UNESCO resolutions over recent years have: listed the Cave of the Patriarchs in Hebron and Rachel’s Tomb in Bethlehem as Palestinian heritage sites; attempted to rename even Jerusalem’s Western Wall using an Arabic designator and to appropriate it as part of the Al-Aqsa Mosque (a recent resolution eventually designated the sacred landmark with the Arabic name followed by the placing of “Western Wall” in quotation marks); and sought to erase Jews’ connection to our single holiest site, the Temple Mount.

• B’nai Brith Canada calls on Canada to insist that UNESCO remains focused on its primary mandate and resist efforts to twist its work for political purposes that are anti-Israel in nature

United Nations Children’s Fund (UNICEF)

B’nai Brith Canada sees justification in recent reports of the civil society organization, NGO Monitor, finding fault with UNICEF for an anti-Israel bias – see ‘UNICEF and its NGO Working Group – Failing Children’ of January 7, 2018.

UNICEF spearheads a campaign to have Israel included on a UN blacklist of “grave” violators of children’s rights. The list appears as an annex to the UN Secretary- General’s annual report on Children and Armed Conflict (CAAC). This political agenda is a primary facet of UNICEF’s activities relating to Israel, completely inconsistent with its mandate of “child protection” and from its guidelines for neutrality and impartiality.

UNICEF is actively supporting anti-Israel boycotts and there is evidence adduced by ‘NGO Monitor’ that funds donated by Canada for UNICEF education programmes are being misused by organizations to which UNICEF had transferred the money and which

promote the boycott, divestment and sanctions movement. UNICEF invested the funds in the World Council of Churches' Ecumenical Accompaniment Program, which trains boycott, divestment and sanctions movement activists from around the world. As part of their training, activists at times use antisemitic rhetoric in the anti-Israel campaigns they introduce in churches around the world. Another BDS organization by the name of Christian Peacemaker Teams is also reported to have received some of the Canadian funds

• B’nai Brith is implacably opposed to BDS, and any support for it, as inherently antisemitic in nature.

• B’nai Brith Canada seeks a response from the government on the veracity of ‘NGO Monitor’s’ claims and, if they are correct, what steps are being taken to ensure that any monies provided UNICEF are not used in support of BDS activities.

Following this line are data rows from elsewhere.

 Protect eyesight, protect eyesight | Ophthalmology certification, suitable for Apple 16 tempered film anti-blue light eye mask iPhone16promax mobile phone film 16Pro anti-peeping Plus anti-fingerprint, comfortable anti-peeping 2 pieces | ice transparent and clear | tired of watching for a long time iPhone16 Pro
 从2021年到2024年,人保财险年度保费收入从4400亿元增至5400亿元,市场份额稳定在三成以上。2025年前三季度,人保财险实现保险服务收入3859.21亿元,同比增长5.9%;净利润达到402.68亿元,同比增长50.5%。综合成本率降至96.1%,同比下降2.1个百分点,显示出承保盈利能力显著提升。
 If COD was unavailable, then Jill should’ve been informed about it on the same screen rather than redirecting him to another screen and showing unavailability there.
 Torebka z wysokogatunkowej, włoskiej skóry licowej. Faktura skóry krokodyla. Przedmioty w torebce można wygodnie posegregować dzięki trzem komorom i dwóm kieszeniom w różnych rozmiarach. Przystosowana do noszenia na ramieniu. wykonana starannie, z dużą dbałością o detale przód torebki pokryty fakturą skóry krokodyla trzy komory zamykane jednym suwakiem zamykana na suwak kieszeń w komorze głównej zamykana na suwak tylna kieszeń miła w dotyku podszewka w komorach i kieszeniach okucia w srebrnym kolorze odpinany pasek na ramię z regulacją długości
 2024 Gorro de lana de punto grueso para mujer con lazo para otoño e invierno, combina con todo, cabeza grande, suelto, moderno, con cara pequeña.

• B’nai Brith Canada calls on the government to work with like-minded countries and closely monitor projects to ensure that U.N. agencies do not transfer taxpayer money to radical political organizations disguised as human rights groups.

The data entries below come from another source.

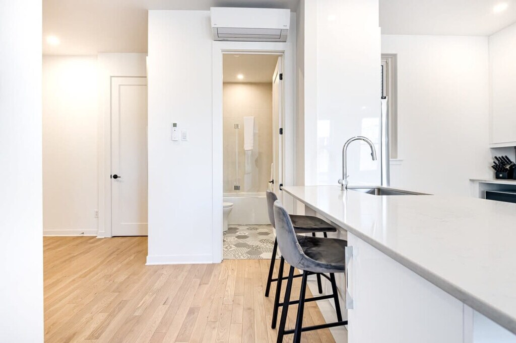 This luxury 1-bedroom apartment is located in The Plateau Mont-Royal, one of Montreal's most desirable neighborhoods. Situated just steps away from some of the best restaurants, cafes, and shops in the area, it offers easy access to public transportation, making it convenient to explore the rest of Montreal. With its prime location and luxurious amenities, this apartment is the perfect spot for anyone looking to experience the vibrant culture of The Plateau Mont-Royal and Montreal. You will have to go up one flight of stairs to reach your apartment. This newly renovated 2023 luxury building in Montreal's prime neighborhood combines modern elegance with high-end finishes for those seeking both comfort and style. The bright 1-bedroom apartment features a prime location, AC, a fully stocked kitchen with an open concept, and in-unit laundry. Pets may be accepted at our discretion for a pet fee. A baby crib is available for an additional fee, with limited quantities available. The apartment is within walking distance to many shops, restaurants, bars, and cafes. It is located across the street from Mount Royal Mountain, a 1-minute walk to the famous Jeanne-Mance Park, and a 12-minute walk to Mont-Royal Metro Station. It offers a 10-minute transport to downtown Montreal and Old Montreal, and is 22 minutes to/from the airport. Public transportation options include buses, metro, taxi, and bike rental, with a grocery store just a 3-minute walk away. All guests must adhere to building policies, rules, and general maintenance requirements. The building is equipped with security cameras in the common area hallways, stairwells, and entrances. Quiet hours are between 22:00 and 8:00. You must fill out the check-in form prior to your arrival.
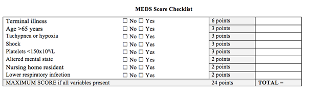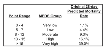 To illustrate a EWS, the scores used to determine a patient’s mortality rate using MEDS is shown below. Table 3 is the checklist used to determine the score and Table 4 shows the predicted mortality rate based on the score.
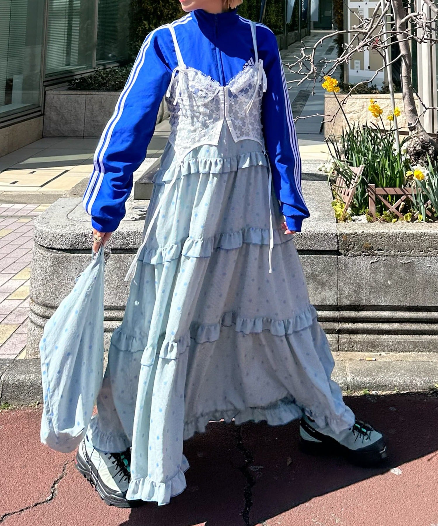・大きめのスウェットやニットをレイヤードして、スカートとしても◎
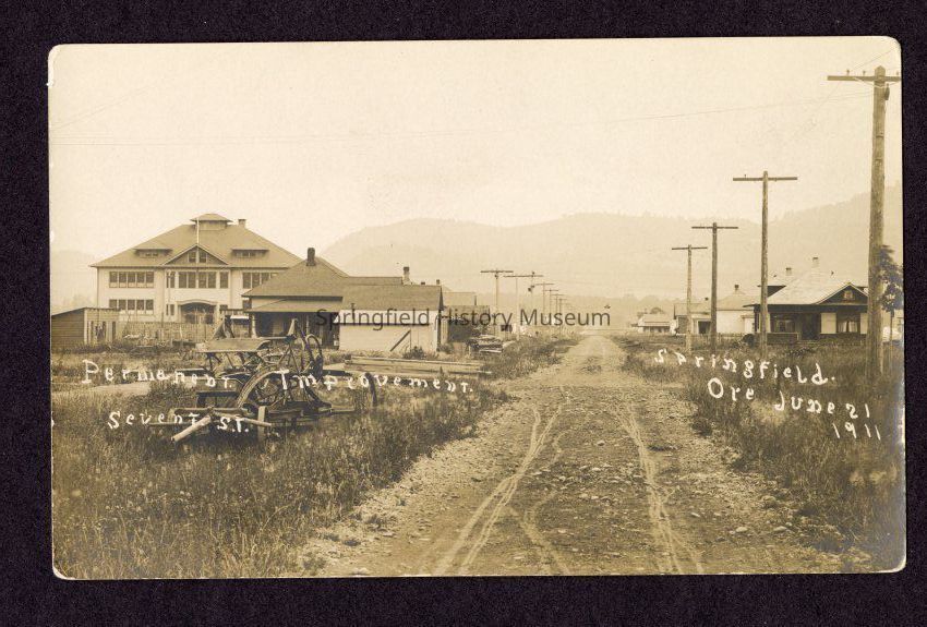 Post Card of Springfield, Oregon June 21, 1911, 7th Street Permanent improvement. Large building at left is Lincoln School, built 1910.Collection

Special Rapporteur on the Palestinian Territories Michael Lynk

B’nai Brith Canada has long viewed with concern the clearly biased activities of Michael Lynk, Special Rapportuer for human rights in the Palestinian territories occupied since 1967. Mr. Lynk’s mandate cannot be seen in isolation. Israel is the only country that is the continuous target of three standing UN bodies established and staffed solely with the purpose of advancing the Palestinian cause in a manner threatening to Israel – the Committee on the Exercise of the Inalienable Rights of the Palestinian People; the Special Committee to Investigate Iaraeli Practices Affecting the Human Rights of the Palestinian People, and; the Division for Palestinian Rights in the UN’s Department of Political Affairs.

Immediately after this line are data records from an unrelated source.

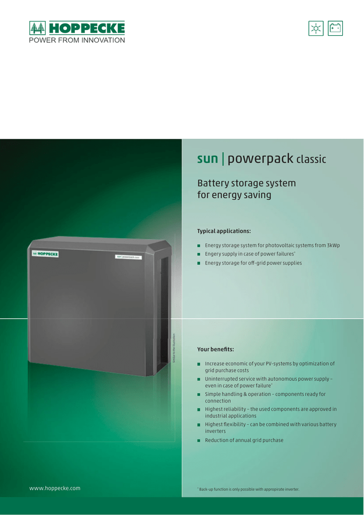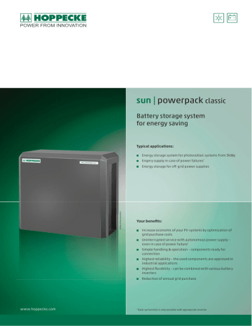 sun | powerpack classic Battery storage system for energy saving Typical applications: Energy storage system for photovoltaic systems from 3kWp Engery supply in case of power failures* Similar to the illustration Energy storage for off-grid power supplies Your benefits: Increase economic of your PV-systems by optimization of grid purchase costs Uninterrupted service with autonomous power supply – even in case of power failure* Simple handling & operation – components ready for connection Highest reliability – the used components are approved in industrial applications Highest flexibility – can be combined with various battery inverters Reduction of annual grid purchase www.hoppecke.com * Back-up function is only possible with appropirate inverter. Type overview sun | powerpack classic Energy content(C10) kWh Nominal voltage V Number of racks, Connection type Length L mm Width B mm Height H mm Weight kg sun | powerpack classic 6.4/48 6,4 48 1 857 355 724 253 sun | powerpack classic 8.0/48 8,0 48 1 829 385 767 295 sun | powerpack classic 11.0/48 11,0 48 1 829 385 899 370 sun | powerpack classic 16.0/48 16,0 48 2 829* 385* 767 590 sun | powerpack classic 22.0/48 22,0 48 2 829* 385* 899 740 Similar to the illustration * in parallel connection of 2 racks the dimensions have to be multiplied by 2. 2500 cycles at a depth of discharge of 50% and a temperature of 20 °C Design life: 10 years (at 20 °C) Optimal environmental compatibility – closed loop for recovery of materials in an accredited recycling system IEC 60896-21 IEC 61427 HOPPECKE Batterien GmbH & Co. KG Bontkirchener Str. 1 · D - 59929 Brilon · Tel.: +49 (0) 2963 61-374 · Fax: +49 (0) 2963 61-270 E-Mail: [email protected] · www.hoppecke.com 05/2015 EN sun | powerpack classic All details in this brochure are based on state-of-the-art technology. Our products are subject to constant development. We therefore reserve the right to make changes. Capacities, dimensions and weights
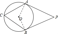 分析:连接OA、OB,由切线的性质和圆周角定理即可求出∠C的度数.
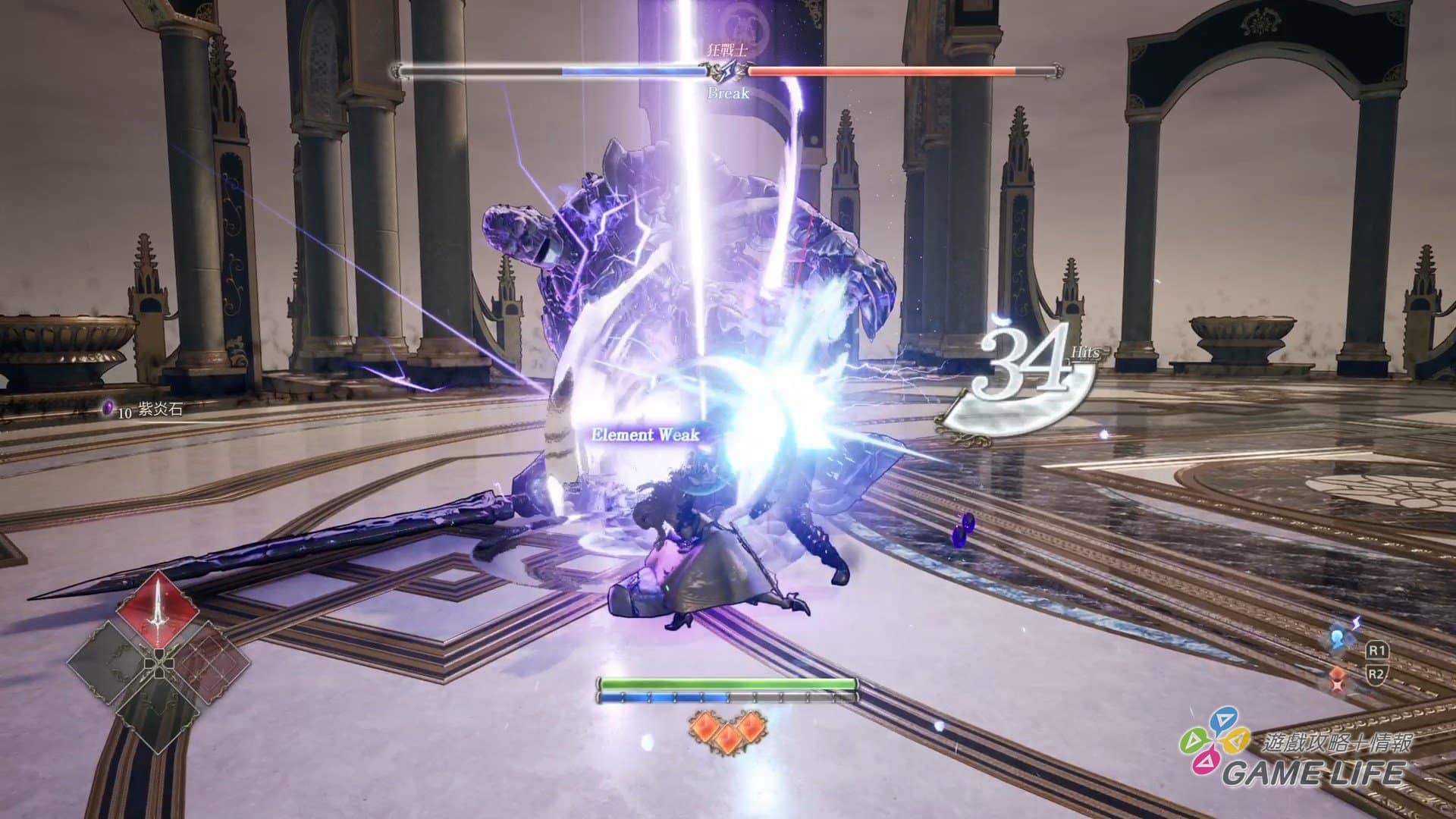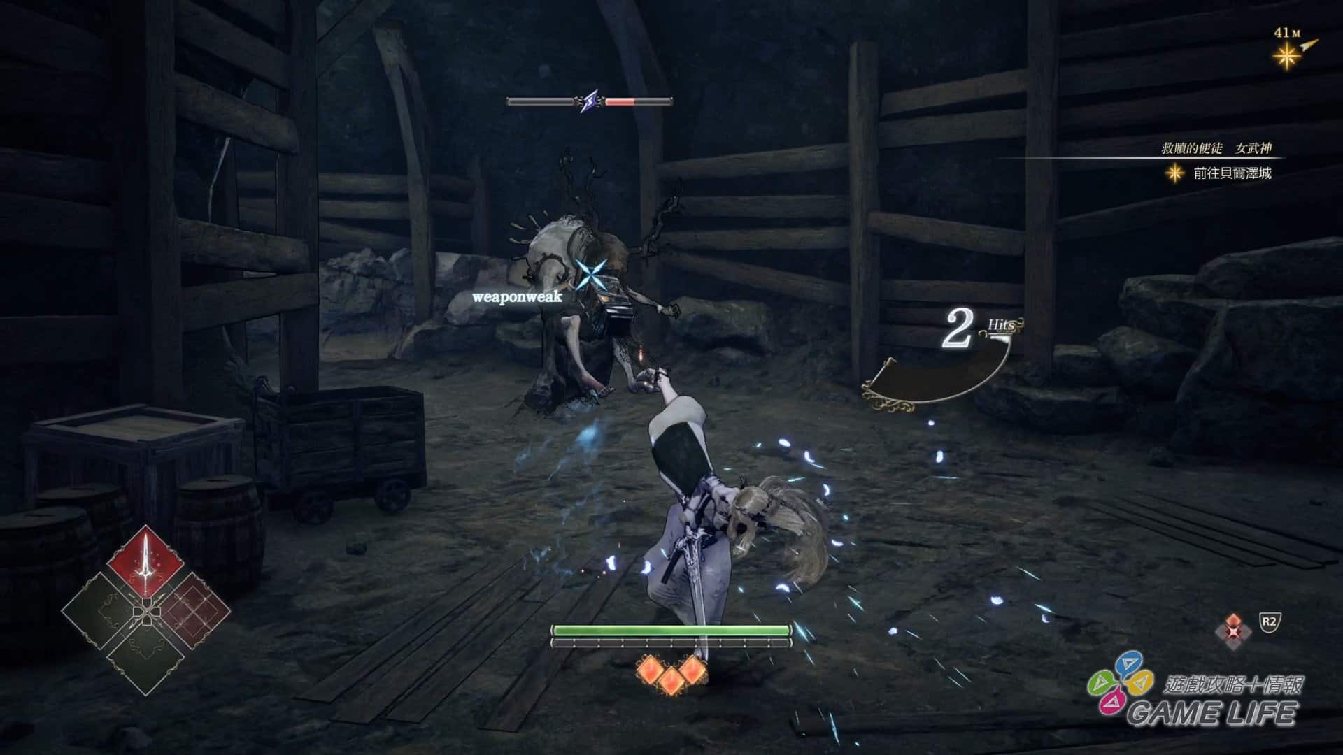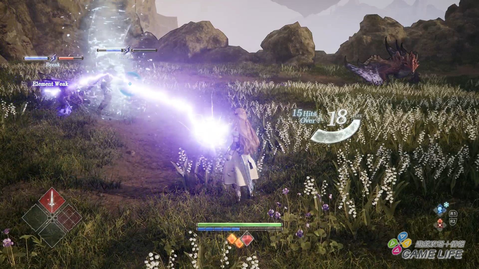 本作難度設計上雖不能說難,但也沒有溫柔到哪裡去。主要是多數敵人都不是可能正面作戰的強度,二來女武神的攻擊動作初期沒有取消概念,打得慢、破綻大,很容易給敵人逮到機會反擊。因此多數時候,得先用目標的弱點屬性攻擊破壞其平衡,再趁勢擊倒。
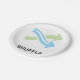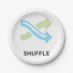 Das Symbol mit grünen und blauen Pfeilen mischen und das Wort mischen. Dieses Design wirkt auf diese Paper-Teller sehr effektiv
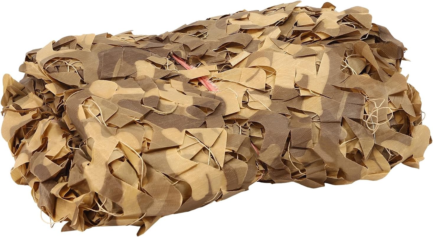 SpecificationMaterial: Durable polyester fabricColor: CamouflageSize: 800cmx800cm (26FT*26FT)Package included:1 x Camouflage Net (8x8m) (with string net backing)Note:Edge binding and with mesh net reinforcement throughout the netThis camouflage net comes with Nylon string net backing, increases the strength and durability of the netting.

B’nai Brith has long considered Michael Lynk unqualified and biased, rendering him incapable of undertaking his work professionally and neutrally. We emphasized this in

our public statement of December 4, 2017. The organization NGO Monitor published a highly critical and credible report of Mr. Lynk’s antisemitic and anti-Israel actions on March 20, 2018, ‘The UN’s Weakest Lynk’. In 2016, then-Canadian Foreign Minister Stéphane Dion stated his disapproval of Mr. Lynk’s appointment, tweeting: “We call on @UNHRC to review this appointment and ensure Special Rapporteur has the track record that can advance peace in the region”.

• B’nai Brith Canada calls for a formal re-statement by the government of concerns over Mr. Lynk’s qualifications, and an expression of serious reservation over Mr. Lynk’s ability to fairly discharge his mandate.